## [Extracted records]

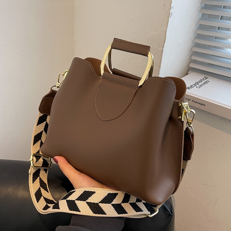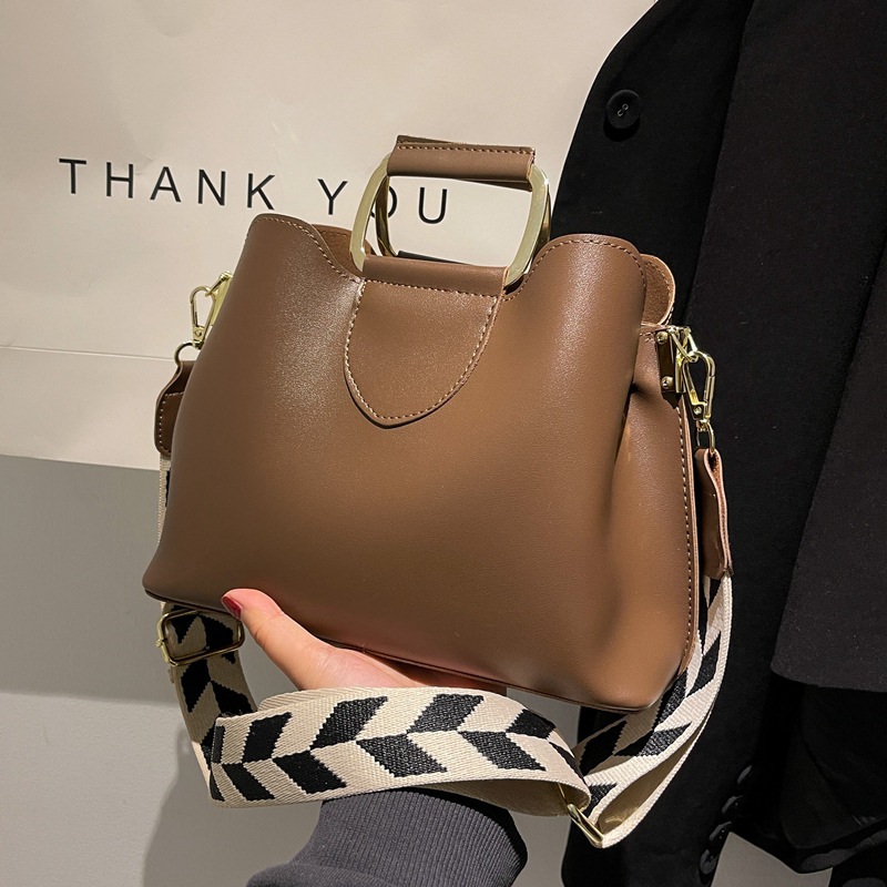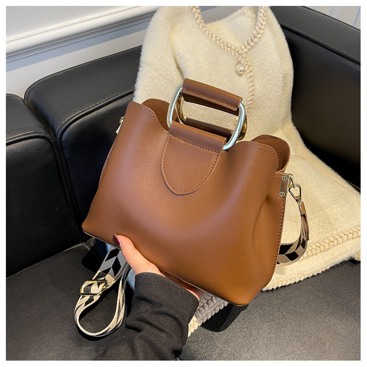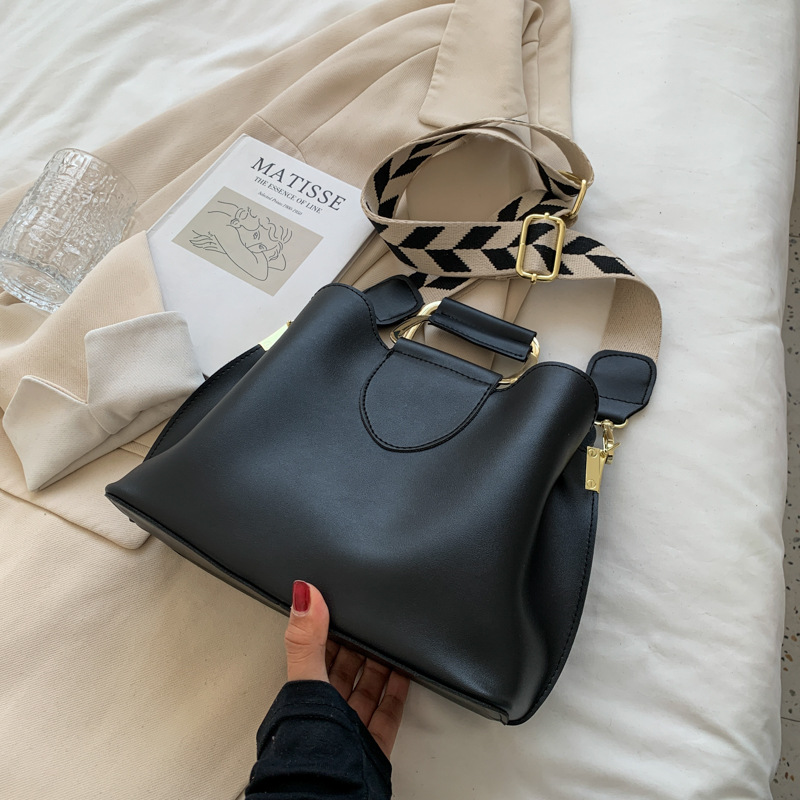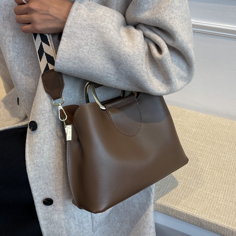 大容量包包女高级质感单肩包宽肩带斜挎包复古百搭手提水桶包
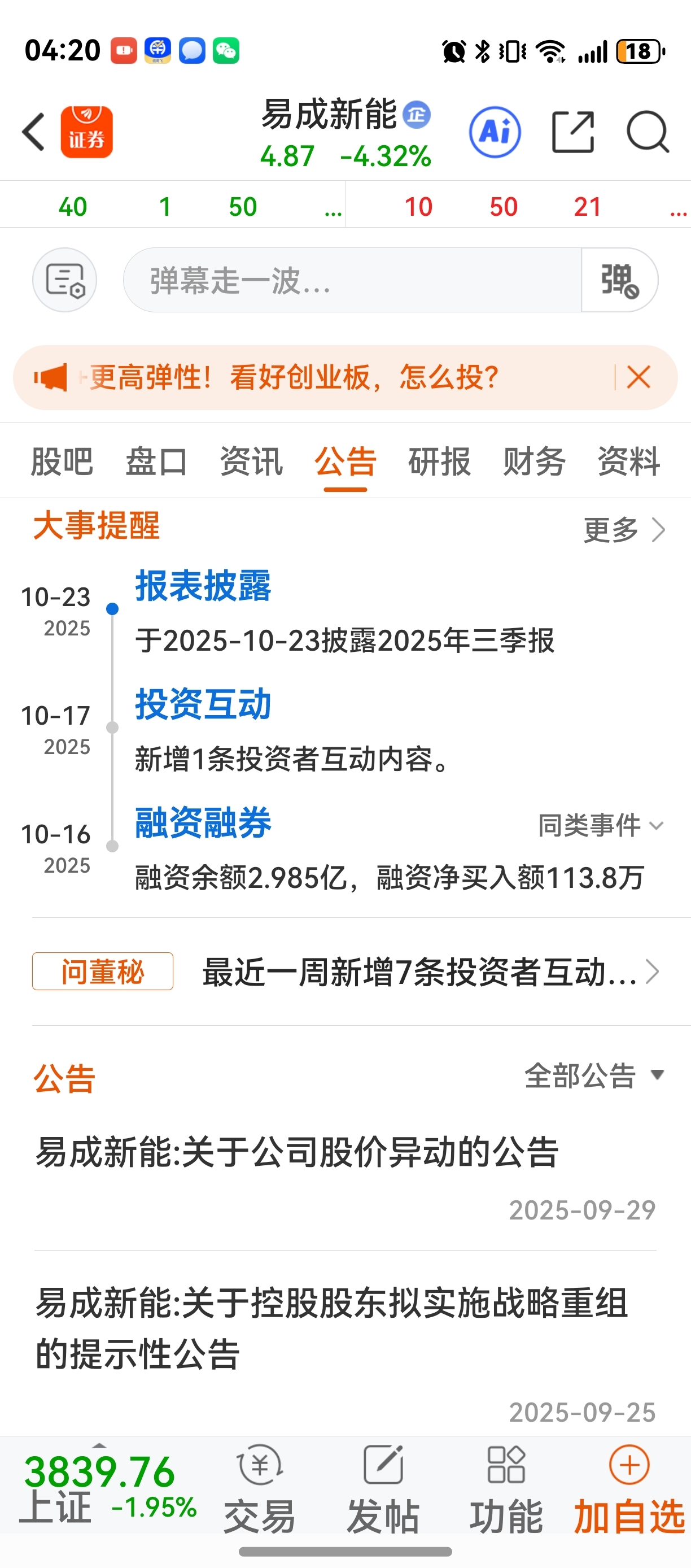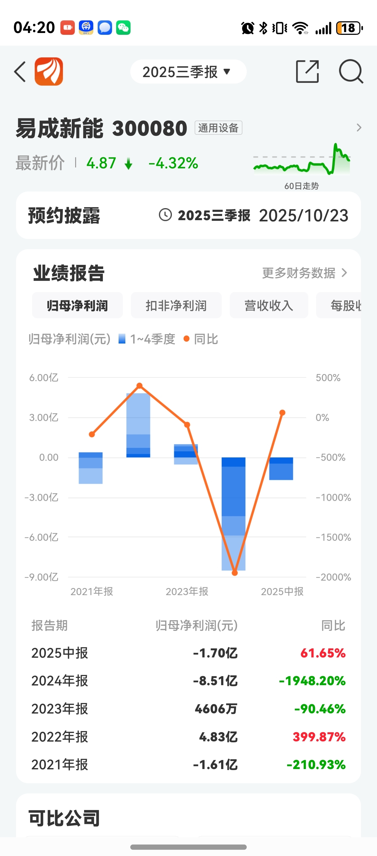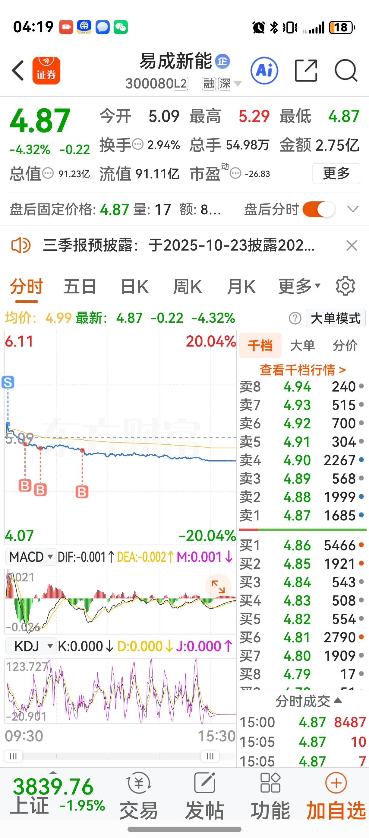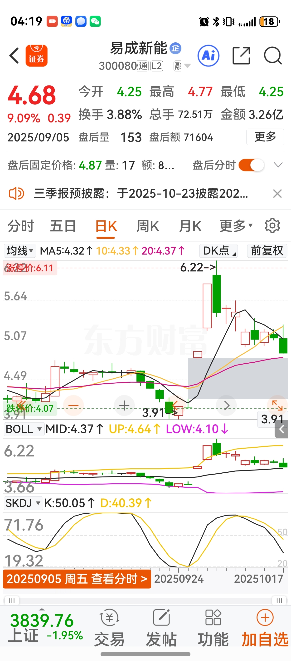 $易成新能(SZ300080)$ 哈哈上周五倒踢,下周应正踢了,前面那根大阳日线4.68处应该是有很强的支撑点(挖坑拉两个板,下周再绿几个点就没剩多少了)另外季报23就公布,赌它业绩继续成亏中!(给机会就进补点,等着反抽做T)
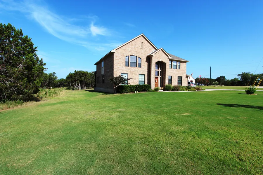 Perfect family home in the acclaimed Liberty Hill School District! Enjoy the 1.3+ acre cul-de-sac lot, hill country views from the balcony, as well as the great features inside. The open floor plan offers 4BR, 2 1/2 BA, Study, Media Room, Sunroom, and Formal Living & Dining! The kitchen has lots of cabinet space with granite countertops and is open to the family room w/fireplace. The master has his/her closets, jetted tub and separate shower! There is also lots of closet space and wood blinds throughout!
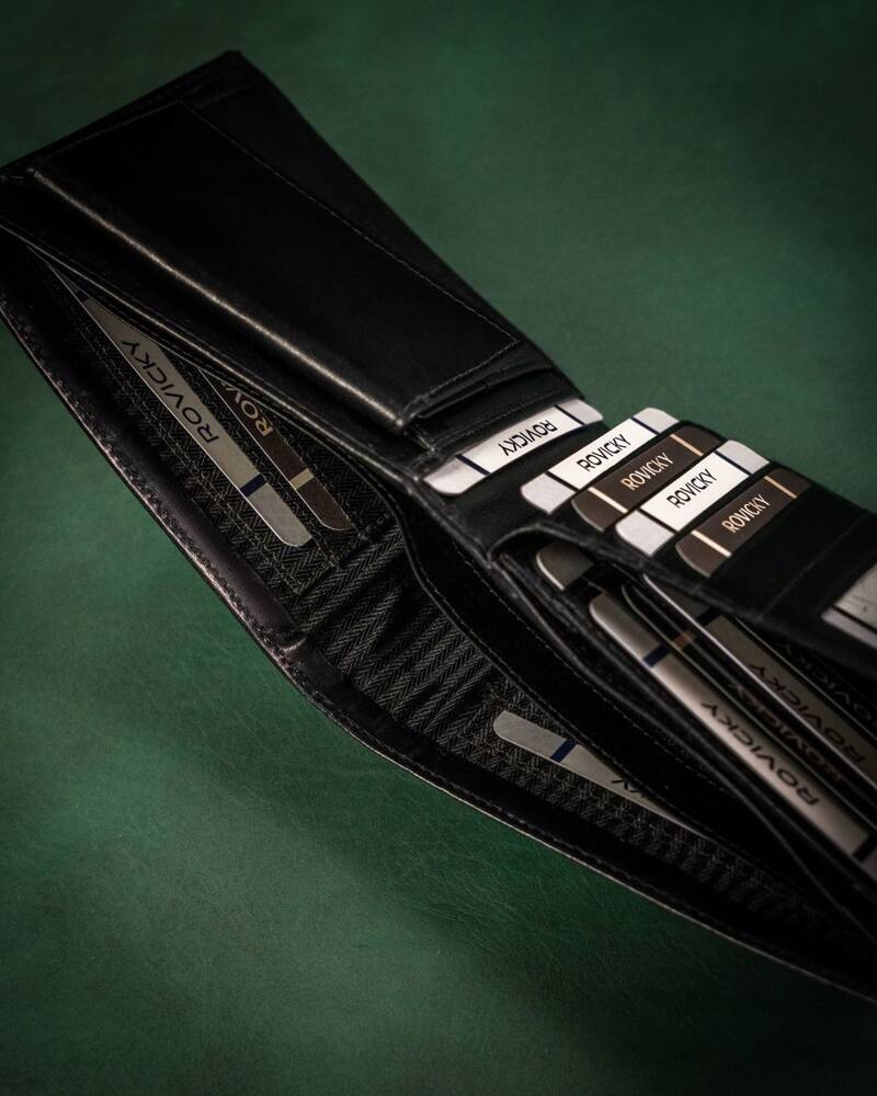 - 17 przegródek na karty, wizytówki lub dokumenty o standardowym wymiarze. Jedna z tych przegródek jest transparentna, dzięki czemu możesz przechować w niej fotografię;
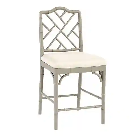 "Our Dayna Counter Stools and Barstools capture the sophisticated soul of Chinese Chippendale styling. Solid beech wood frames are artisan crafted with classic fretwork hand finished with bamboo-inspired turnings. Richly padded slip seats are expertly upholstered in our cleanable, family-friendly Sa...more

## [ABOUT THIS TASK]
Only the lines from the one containing "- 17 przegródek" through the last line of the data above, both included, belong in the reply, each restated exactly and without pictures.

## [WRITTEN ANSWER]
 - 17 przegródek na karty, wizytówki lub dokumenty o standardowym wymiarze. Jedna z tych przegródek jest transparentna, dzięki czemu możesz przechować w niej fotografię;
 "Our Dayna Counter Stools and Barstools capture the sophisticated soul of Chinese Chippendale styling. Solid beech wood frames are artisan crafted with classic fretwork hand finished with bamboo-inspired turnings. Richly padded slip seats are expertly upholstered in our cleanable, family-friendly Sa...more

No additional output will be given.